## Work to complete
The reply should hold only the lines below beginning at the one with "キッチンと玄関ホールから出入" and ending at the one with "What is Bergoglio", copied exactly, with every picture left out.

## Task inputs
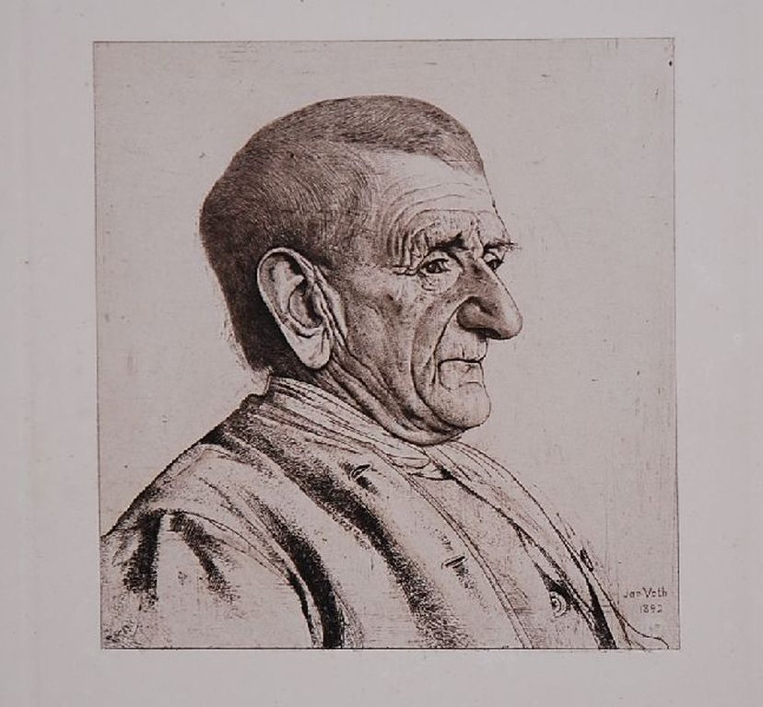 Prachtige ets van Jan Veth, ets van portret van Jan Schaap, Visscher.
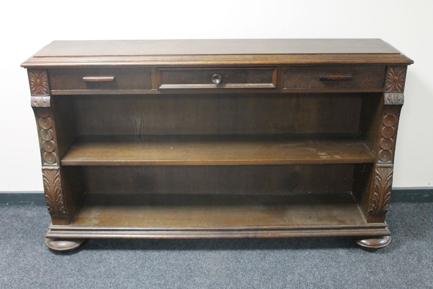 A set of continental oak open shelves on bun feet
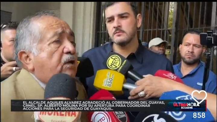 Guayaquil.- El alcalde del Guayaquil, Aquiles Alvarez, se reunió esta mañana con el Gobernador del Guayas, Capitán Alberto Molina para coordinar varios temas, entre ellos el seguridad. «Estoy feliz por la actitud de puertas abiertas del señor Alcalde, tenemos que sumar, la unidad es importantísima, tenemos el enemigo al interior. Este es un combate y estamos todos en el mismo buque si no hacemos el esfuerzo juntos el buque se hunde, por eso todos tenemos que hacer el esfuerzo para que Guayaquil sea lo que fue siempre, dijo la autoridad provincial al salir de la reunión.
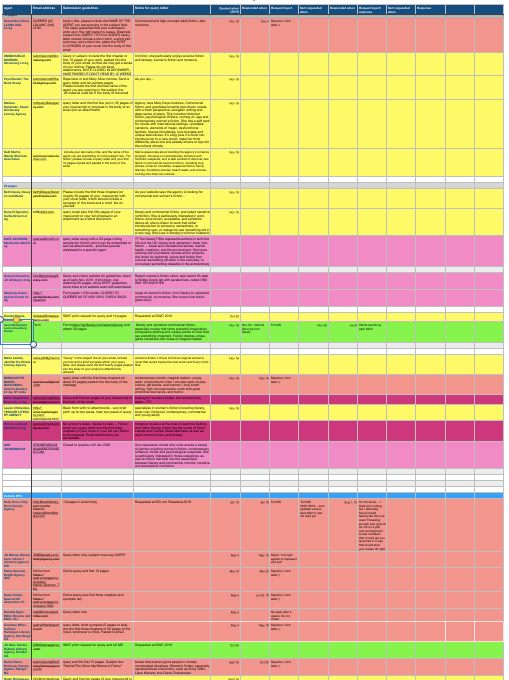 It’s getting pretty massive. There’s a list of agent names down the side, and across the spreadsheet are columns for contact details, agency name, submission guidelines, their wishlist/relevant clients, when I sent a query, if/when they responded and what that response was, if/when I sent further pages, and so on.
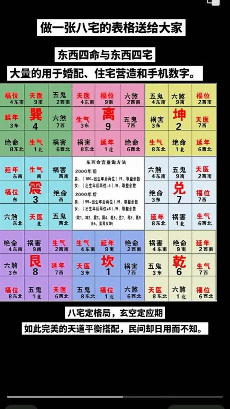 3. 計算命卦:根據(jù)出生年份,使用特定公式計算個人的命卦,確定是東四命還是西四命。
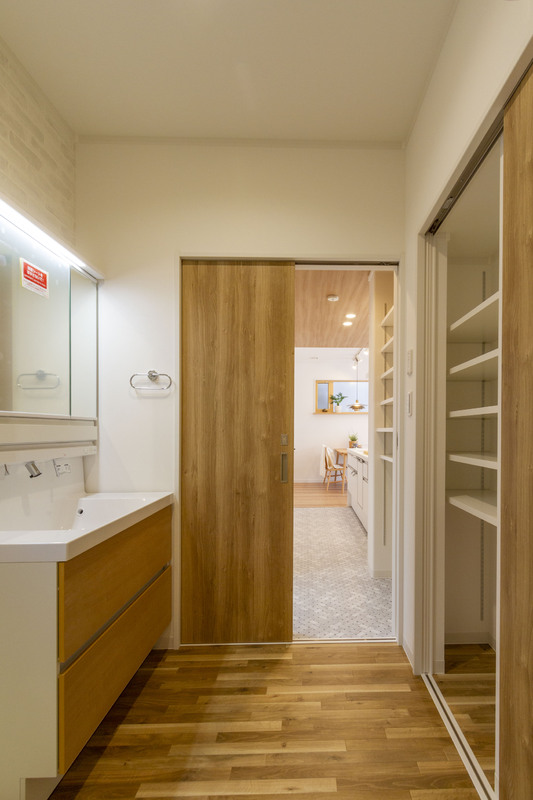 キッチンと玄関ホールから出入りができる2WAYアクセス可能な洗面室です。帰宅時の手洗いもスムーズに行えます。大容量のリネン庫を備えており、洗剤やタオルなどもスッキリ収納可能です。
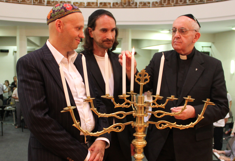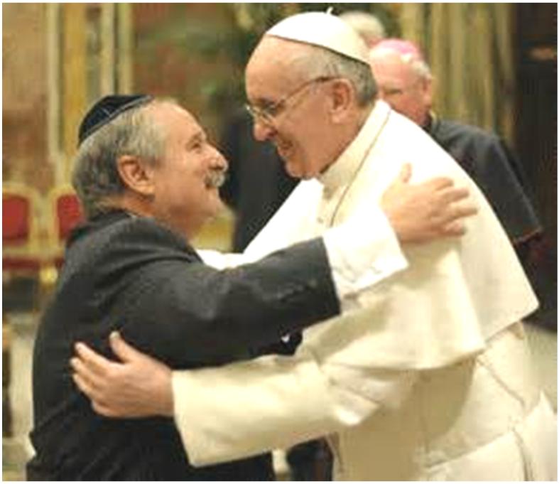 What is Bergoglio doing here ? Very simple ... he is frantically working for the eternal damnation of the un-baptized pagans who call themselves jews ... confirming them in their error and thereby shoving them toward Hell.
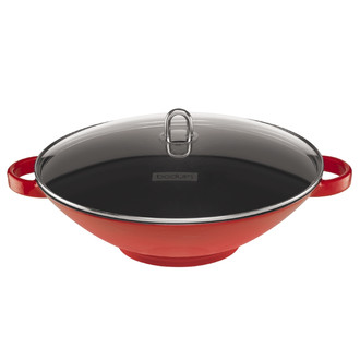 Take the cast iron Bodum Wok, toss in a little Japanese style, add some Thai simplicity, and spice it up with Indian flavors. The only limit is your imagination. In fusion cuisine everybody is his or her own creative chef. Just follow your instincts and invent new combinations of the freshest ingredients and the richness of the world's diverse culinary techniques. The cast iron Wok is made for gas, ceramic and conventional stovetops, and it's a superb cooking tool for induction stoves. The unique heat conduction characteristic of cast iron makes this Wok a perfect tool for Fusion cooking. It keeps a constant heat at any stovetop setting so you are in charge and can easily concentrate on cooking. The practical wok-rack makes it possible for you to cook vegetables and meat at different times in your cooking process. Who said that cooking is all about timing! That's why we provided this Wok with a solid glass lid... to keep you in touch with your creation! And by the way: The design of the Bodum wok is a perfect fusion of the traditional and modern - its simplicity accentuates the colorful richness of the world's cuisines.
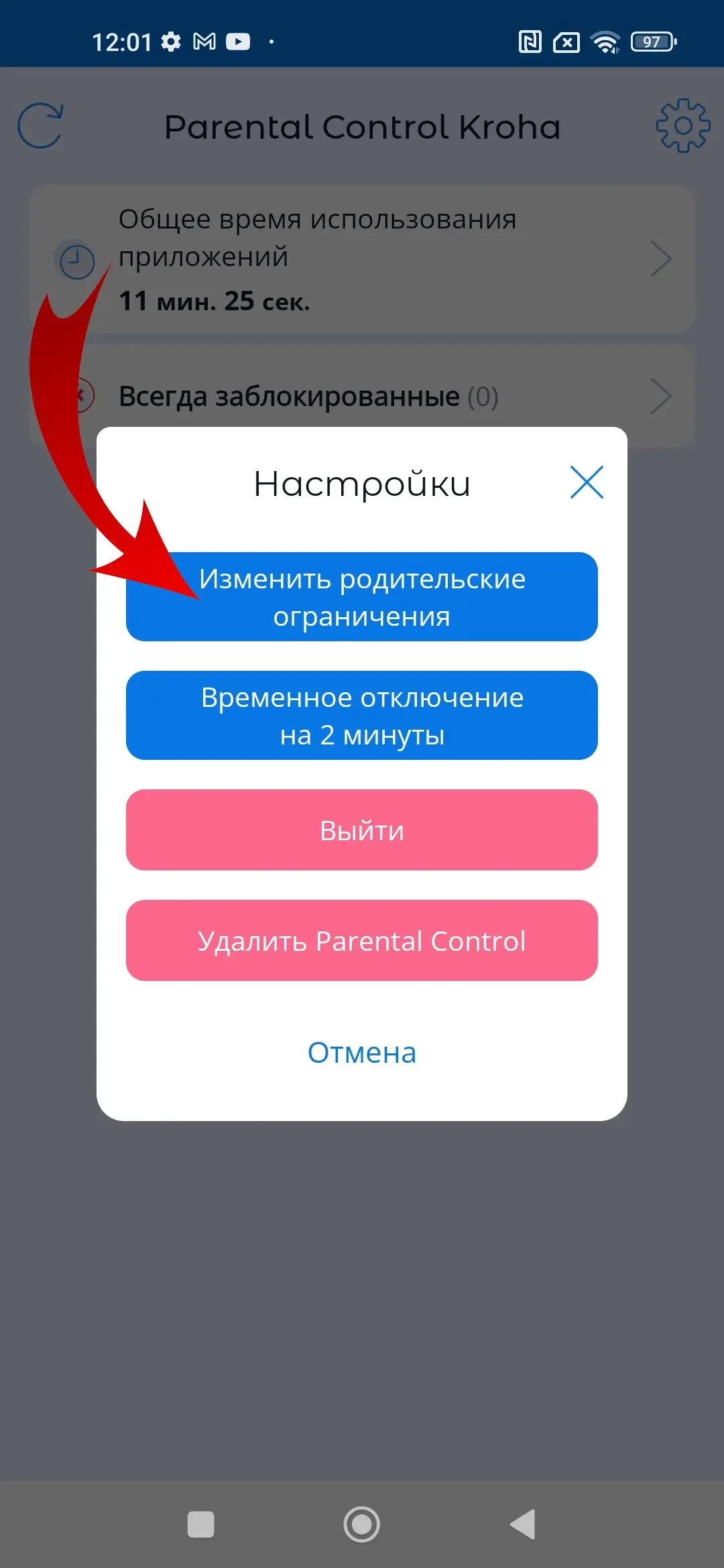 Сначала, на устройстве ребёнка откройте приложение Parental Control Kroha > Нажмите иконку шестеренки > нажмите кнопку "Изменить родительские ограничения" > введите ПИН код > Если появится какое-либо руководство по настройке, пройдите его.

...

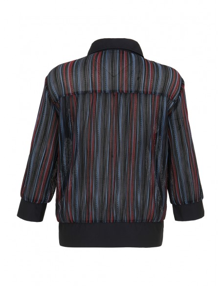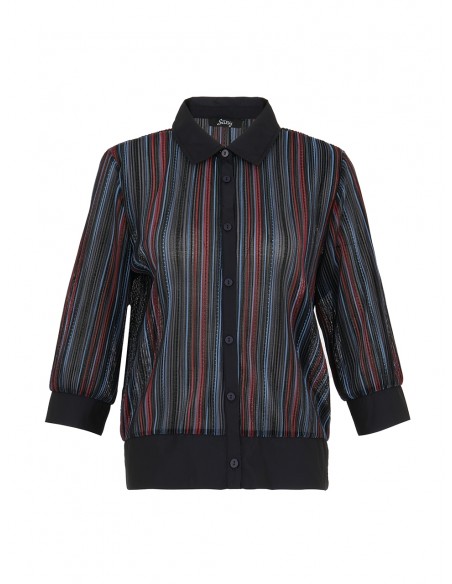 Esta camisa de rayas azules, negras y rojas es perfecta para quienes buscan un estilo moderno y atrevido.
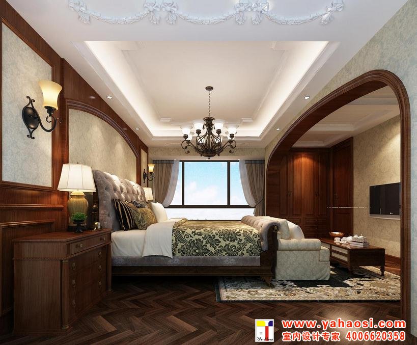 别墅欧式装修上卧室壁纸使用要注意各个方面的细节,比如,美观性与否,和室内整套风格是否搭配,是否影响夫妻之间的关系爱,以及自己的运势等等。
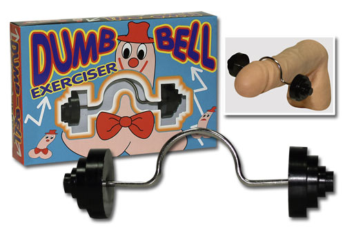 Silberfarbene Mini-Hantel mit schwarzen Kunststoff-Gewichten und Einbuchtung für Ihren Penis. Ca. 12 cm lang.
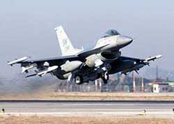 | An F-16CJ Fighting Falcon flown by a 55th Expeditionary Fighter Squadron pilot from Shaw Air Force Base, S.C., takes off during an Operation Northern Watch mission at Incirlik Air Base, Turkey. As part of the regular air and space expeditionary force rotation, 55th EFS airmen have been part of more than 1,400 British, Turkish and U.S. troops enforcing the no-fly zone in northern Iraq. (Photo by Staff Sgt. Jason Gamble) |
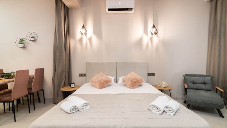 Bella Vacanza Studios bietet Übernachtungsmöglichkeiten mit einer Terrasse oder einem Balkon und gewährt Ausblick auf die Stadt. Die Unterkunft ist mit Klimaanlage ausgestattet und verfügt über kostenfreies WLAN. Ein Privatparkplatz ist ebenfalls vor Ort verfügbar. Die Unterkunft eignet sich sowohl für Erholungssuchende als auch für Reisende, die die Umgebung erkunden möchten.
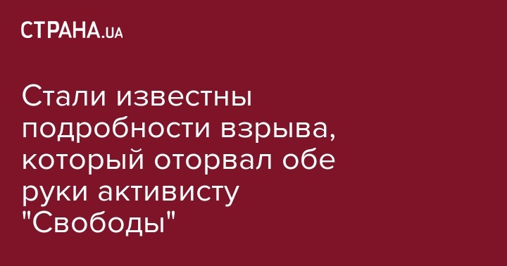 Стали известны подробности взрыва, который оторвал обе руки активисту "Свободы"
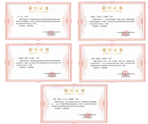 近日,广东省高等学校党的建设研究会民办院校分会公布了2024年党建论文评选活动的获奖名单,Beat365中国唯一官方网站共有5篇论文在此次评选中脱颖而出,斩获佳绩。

## Output below
 キッチンと玄関ホールから出入りができる2WAYアクセス可能な洗面室です。帰宅時の手洗いもスムーズに行えます。大容量のリネン庫を備えており、洗剤やタオルなどもスッキリ収納可能です。
 What is Bergoglio doing here ? Very simple ... he is frantically working for the eternal damnation of the un-baptized pagans who call themselves jews ... confirming them in their error and thereby shoving them toward Hell.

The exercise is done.